(新疆日报网讯)“我们现在在风口浪尖上。”一位基层质检人员对质检部门面临的局势感到忧虑。
这是9月22日,“三鹿奶粉事件”爆发的第11天。当天,新华社发出消息:李长江正式辞去国家质量监督检验检疫总局局长职务,国务院副秘书长王勇接任其职位。此前,李长江已掌舵国家质检总局7年有余。
今年8月以来,国家质检总局先后经历了“邬建平之死”、“电子监管网涉嫌垄断”、“三鹿奶粉”等一系列事件,背后呈现的监管体制矛盾以滚雪球之势累积,最终集中爆发。
质监“业绩”被瞬间打碎
今年64岁的李长江自2001年4月起担任国家质量监督检验检疫总局局长。今年3月兼任国家质检总局党组书记。他还任中共第十六、十七届中央委员。
2001年,国家出入境检验检疫局(前身商检局)和原直属国务院的副部级单位国家质量技术监督局合二为一,成立了国家质检总局。李长江被任命为首任局长,全面监管产品质量安全。
此前的质量技术监督局职能多在监督,主要负责监督抽查、发现不合格产品责令限期整改,扮演的第三方监查角色明显。2004年,《中华人民共和国行政许可法》出台,食品市场准入的行政许可从卫生部门转向质监部门,国家质检总局全面承担了食品生产加工环节的监管职责,亦即源头监管。
2007年7月的一次新闻发布会上,李长江把国家质检总局6年来摸索出的产品质量、特别是食品安全监管的工作机制,总结为实行严格的市场准入制度,即实行生产许可证强制性认证管理,与国家产品质量监督抽查、出厂检验制度及对缺陷产品的快速召回制度的结合。
在QS认证几年后,质检总局认为“加强”事前准入门槛还不足以满足监管需求,又推出电子监管码制度,实施更严格的事后跟踪。

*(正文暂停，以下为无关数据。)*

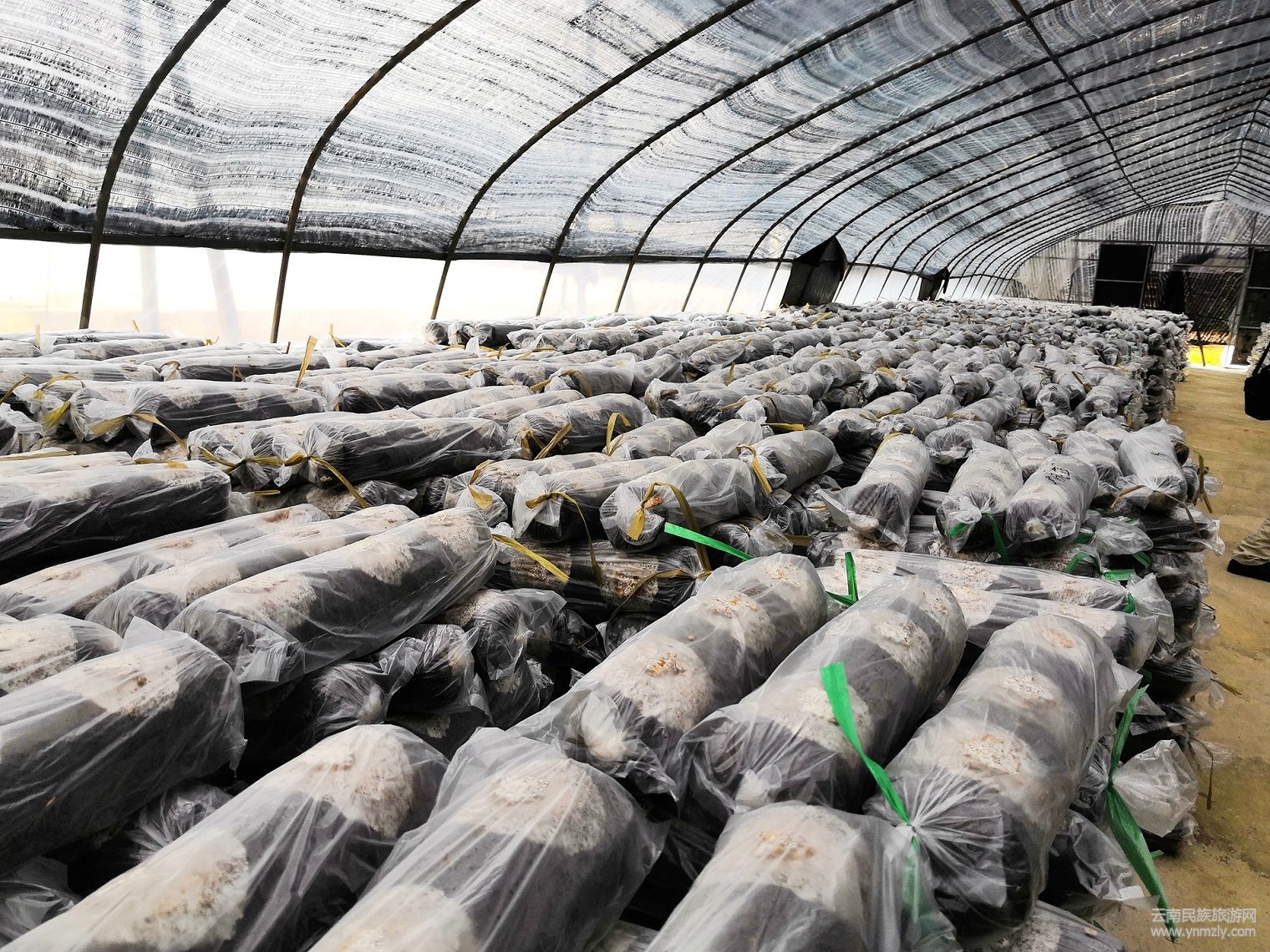 ▲施甸縣凱禾農(nóng)業(yè)科技有限責(zé)任公司香菇菌棒菌種培養(yǎng)大棚

两项市场准入制度进展“卓见成效”。到目前为止,国家质检总局已通过QS认证发放的食品生产许可证达10万家以上,而电子监管网的入网企业也超过70000家。
今年3月13日,李长江在接受外国记者采访时表示,政府监管部门在扶优治劣方面采取了有效措施,广大企业把产品质量看作企业生命,使得中国产品、食品质量水平有了很大提升。他公布了一项数据:国家质检总局对23类食品进行的监督抽查结果显示,与百姓生活密切相关的食品如米、面、油、肉制品、奶制品、乳制品等,合格率达到了90%以上。
然而,仅仅时隔半年,这些“业绩”就被席卷而来的“结石奶粉”事件瞬间打碎。
三鹿奶粉事发后,国家质检总局对全国婴幼儿奶粉进行抽检,结果伊利、蒙牛、圣元、光明等22个厂家皆被检出三聚氰胺,其中有7家得到过国家免检产品、中国名牌等荣誉。
“免检”就是免死金牌
毒奶粉事件爆发一周后,延续8年的食品国家免检制度,被宣布废止。
免检制度早在2000年由原国家质量技术监督局设立,“凡获取了免检证书的产品在免检有效期内,国家、省、市、县各级政府部门以及流通领域均不得对其进行质量监督检查”。
最早一批加入免检产品行列的某油脂集团市场部经理龚遂向记者表示,免检制度设立的初衷实际是应一些企业要求,解决各级政府部门乱抽检、乱收费的现象。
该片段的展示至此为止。